O NDC (New Distribution Capability) está a mudar a forma como as companhias aéreas vendem os seus voos, e a TAP não é excepção. Em 2026, a companhia fará avanços decisivos na implementação desta tecnologia, revelou Justin Jovignot ao PressTUR.

Um dos principais destaques da estratégia da TAP é que, ao contrário dos grandes grupos europeus de aviação, não vai cobrar uma sobretaxa pelas reservas com a nova tecnologia NDC efectuadas nos GDS (Global Distribution Systems), que são os sistemas de reservas mais utilizados pelas agências de viagens, revelou o director de Distribuição e Estratégia Comercial da companhia aérea.

A TAP quer potenciar a utilização da nova tecnologia NDC, que deverá possibilitar ganhos de receitas, mas quer fazê-lo garantindo “uma transição tranquila” para as agências. “Mais de 50% da nossa receita vem das agências de viagens.
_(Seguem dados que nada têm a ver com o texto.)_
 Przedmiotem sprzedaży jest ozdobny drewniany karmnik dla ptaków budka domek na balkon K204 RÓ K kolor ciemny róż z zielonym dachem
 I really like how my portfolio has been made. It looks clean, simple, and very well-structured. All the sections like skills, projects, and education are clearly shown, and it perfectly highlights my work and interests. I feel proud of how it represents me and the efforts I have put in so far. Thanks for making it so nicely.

Não queremos interromper isso”, sublinhou Justin Jovignot.

Nesse sentido, a companhia aérea vai prolongar até ao final de 2026 os seus acordos de Private Channel, que são acordos de distribuição de voos e serviços celebrados sobretudo com grandes agências e TMCs (travel mangement companies), que acedem a este ‘canal privado’ através de sistemas implementados em GDSs.

Com este novo adiamento do fim dos acordos de Private Channel, a TAP também adiou para 2027 o início da cobrança de uma sobretaxa para reservas efectuadas com a antiga tecnologia (EDIFACT).
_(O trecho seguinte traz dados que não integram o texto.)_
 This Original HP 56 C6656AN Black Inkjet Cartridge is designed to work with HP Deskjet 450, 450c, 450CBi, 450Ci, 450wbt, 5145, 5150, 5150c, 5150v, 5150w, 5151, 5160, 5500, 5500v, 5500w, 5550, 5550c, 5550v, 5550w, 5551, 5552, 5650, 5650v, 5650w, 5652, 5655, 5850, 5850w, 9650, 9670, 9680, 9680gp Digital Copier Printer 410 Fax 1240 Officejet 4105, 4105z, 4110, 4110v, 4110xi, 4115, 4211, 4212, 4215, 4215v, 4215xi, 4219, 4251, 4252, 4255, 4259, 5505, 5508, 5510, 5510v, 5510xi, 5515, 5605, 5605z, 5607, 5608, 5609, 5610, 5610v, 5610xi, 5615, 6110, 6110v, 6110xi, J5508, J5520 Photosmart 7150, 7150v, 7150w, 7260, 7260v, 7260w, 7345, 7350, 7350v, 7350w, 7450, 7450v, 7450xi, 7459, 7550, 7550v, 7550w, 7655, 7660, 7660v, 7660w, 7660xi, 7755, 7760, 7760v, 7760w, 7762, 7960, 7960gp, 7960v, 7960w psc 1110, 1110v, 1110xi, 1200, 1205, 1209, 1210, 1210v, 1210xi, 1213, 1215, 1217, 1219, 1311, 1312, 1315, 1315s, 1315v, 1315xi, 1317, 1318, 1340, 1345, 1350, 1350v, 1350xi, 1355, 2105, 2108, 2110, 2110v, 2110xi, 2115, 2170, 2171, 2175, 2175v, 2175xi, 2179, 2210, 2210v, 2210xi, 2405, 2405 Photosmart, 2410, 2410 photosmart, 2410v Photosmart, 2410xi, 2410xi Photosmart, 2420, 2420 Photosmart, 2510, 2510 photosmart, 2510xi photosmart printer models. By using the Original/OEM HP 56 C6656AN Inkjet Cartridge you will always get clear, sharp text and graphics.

Além das alterações programadas, Justin Jovignot também falou ao PressTUR sobre as vantagens da nova tecnologia, quer para a companhia aérea quer para as agências. Clique para ler: NDC: nova tecnologia traz benefícios para TAP e para as agências de viagens – Justin Jovignot.

PressTUR: A TAP está a planear deixar de fornecer através de Private Channel? Quando e porquê?

Justin Jovignot: Acabámos de assinar um acordo com a Amadeus para poder distribuir o conteúdo NDC da TAP através do seu GDS. Assim, o nosso conteúdo NDC ficará disponível nos três GDS em todo o mundo [Amadeus, Travelport e Sabre]. A transição para o NDC leva tempo para as agências de viagens, para os fornecedores de TI [tecnologia da informação] e para nós também. Por isso, estamos a dar mais um ano aos acordos de Private Channel. Vamos prolongar até ao final de 2026 para dar às agências de viagens, aos fornecedores de TI e à TAP a oportunidade de trabalharem em conjunto para uma transição tranquila. Durante 2026, o Private Channel ainda estará disponível e o NDC estará disponível nos três GDS. Além disso, temos 12 agregadores de NDC com os quais já estamos a operar. Portanto, 2026 será um ano para a transição para o NDC.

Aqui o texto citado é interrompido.